À Vernon, dans l’Eure, plusieurs signalements de mérule ont conduit la municipalité à renforcer sa vigilance. Une décision vient d’être prise pour encadrer le risque lié à ce champignon qui fragilise le bois des bâtiments.
Les constats concernent plusieurs immeubles de la commune et reposent sur des diagnostics réalisés ces derniers mois. Leur localisation et les suites administratives annoncées expliquent pourquoi la ville a choisi d’intervenir sans attendre.
Quatre immeubles concernés par des signalements de mérule à Vernon
À Vernon, la présence de mérule a été signalée dans quatre immeubles. Deux sont situés rue Saint-Louis, un autre rue Carnot et le dernier avenue Montgomery.

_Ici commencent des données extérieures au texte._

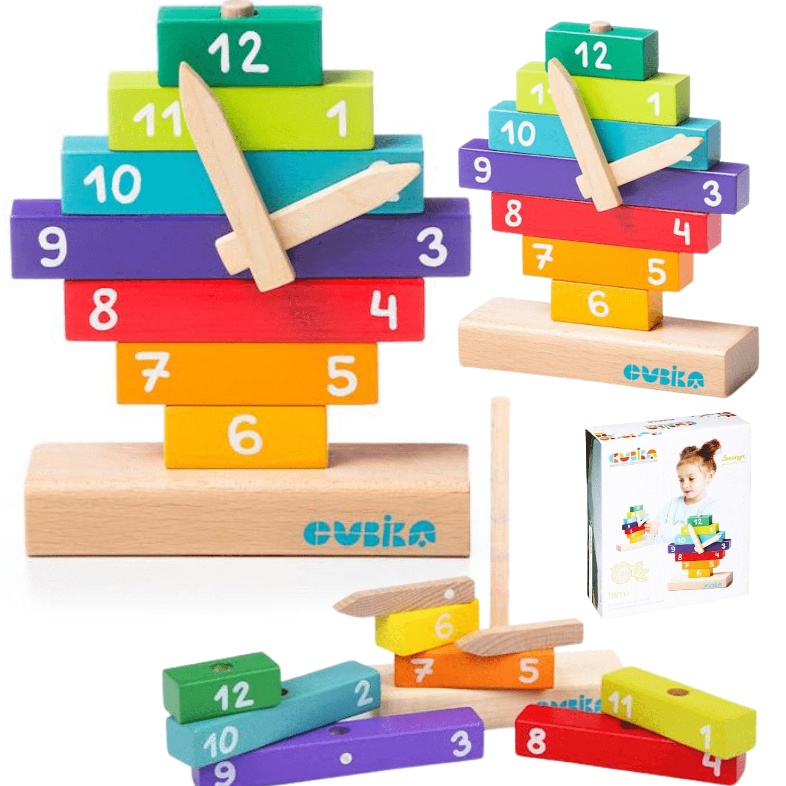 Sestavljen je iz lesene podlage, na katero je mogoče postaviti kocke . Vsak blok je vgraviran s številkami kar otrokom omogoča, da se učijo številk in njihovega vrstnega reda na številčnici ure. Ko pravilno razporedite bloke, lahko na koncu dodate kazalce in končali ste!

Les déclarations ont été transmises à la commune par la Direction départementale des territoires et de la mer (DDTM). D’après la municipalité, les constats reposent sur des signalements techniques et des diagnostics d’infestation réalisés par des professionnels compétents.
Le champignon identifié est la mérule, une espèce lignivore qui se développe dans le bois et touche principalement les bâtiments anciens. Sa capacité à dégrader les éléments en bois lui vaut le surnom de « cancer du bois ».
Pour l’heure, les signalements restent limités à ces quatre immeubles. La situation ne traduit donc pas une présence généralisée du champignon dans la commune.
La ville délimite un périmètre face au risque de propagation
Face à ces différents constats, le conseil municipal de Vernon a adopté, le vendredi 26 juin 2026, une délibération portant sur la délimitation d’un périmètre de risque de présence de mérule.
Cette mesure de précaution doit permettre à la commune de ne pas considérer chaque immeuble de manière isolée. La mérule peut en effet progresser entre des constructions mitoyennes, notamment à travers les murs et les charpentes contigus.
La municipalité explique vouloir prévenir les risques pouvant concerner le bâti et la salubrité des logements. Elle indique également suivre attentivement les signalements relatifs à la présence du champignon sur son territoire.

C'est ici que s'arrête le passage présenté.